Our goal is to allow the passage of a register of action, to register thought by not forgetting that acting can be used defensively against the suffering and anguish associated with the activity of thinking. 

The psychotherapeutic work with such children confronts us with massive transferential experiences whose complexity and intensity seem to us to be specific to this type of clinical experience. 

For F. Guignard and D. Houzel, the transferential movements in psychoanalysis and early childhood therapy are amplified because they have to take into account a multiplicity of elements: the immaturity of the infant's psychic functioning, the special relationships with their significant others, and what we can feel about the parenting issues to which the child is subject. The analyst-the therapist-must take into account the identifying movements in which he is taken in relation to all the protagonists and all the positions in the family. The primary nature of the expression of the very young child, the place of the body and the sometimes very noisy expressions of it require a thorough understanding of the primitive mental functioning and a regression capacity at the archaic levels.
 
Finally, our work of elaboration of the transference must be supported by a putting in words, which is sometimes possible late in treatment, even at its conclusion. The indispensable theoretical articulation must not come to reify the dynamics of the meeting in session. 

In conclusion, the dynamic integration of the various sensory modalities that gives a harmonious quality to bodily functioning offers the psyche a receptive and structuring cockpit. The therapeutic work with some children, whose disturbance begins very early in life, is defined by the need to give bodily sensations a prerequisite existential status indispensable to any libidinisation of the body.

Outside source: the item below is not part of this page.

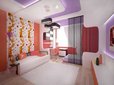 - Детская может стать ярким акцентом всей квартиры – ее можно оформить в пестром цвете. Например, в лиловом, фиолетовом или нежно-сиреневом – такие цвета подойдут для ребенка любого возраста и пола. В детской главное – решить проблему со всякими нужными ребенку мелочами. Здесь должно быть побольше удобных ящиков, комодов, открытых полок. Внести «детское настроение» можно при помощи коврика, яркой оббивки дивана или кресел. Например, используя лиловый как основной цвет, коврик стоит подобрать голубого, желтого или зеленого цвета

We are here in a problematic where sensations, integration of sensations, and awareness of sensations are not given, but well need to be built. 

The bodily involvement of the patient and the therapist in an act may, in some cases, operate in synergy with mental development, rather than short-circuiting it, and offer itself as living and active data to the underpinning of a more secondary stage of representations, which, as a result, take on an integrative value.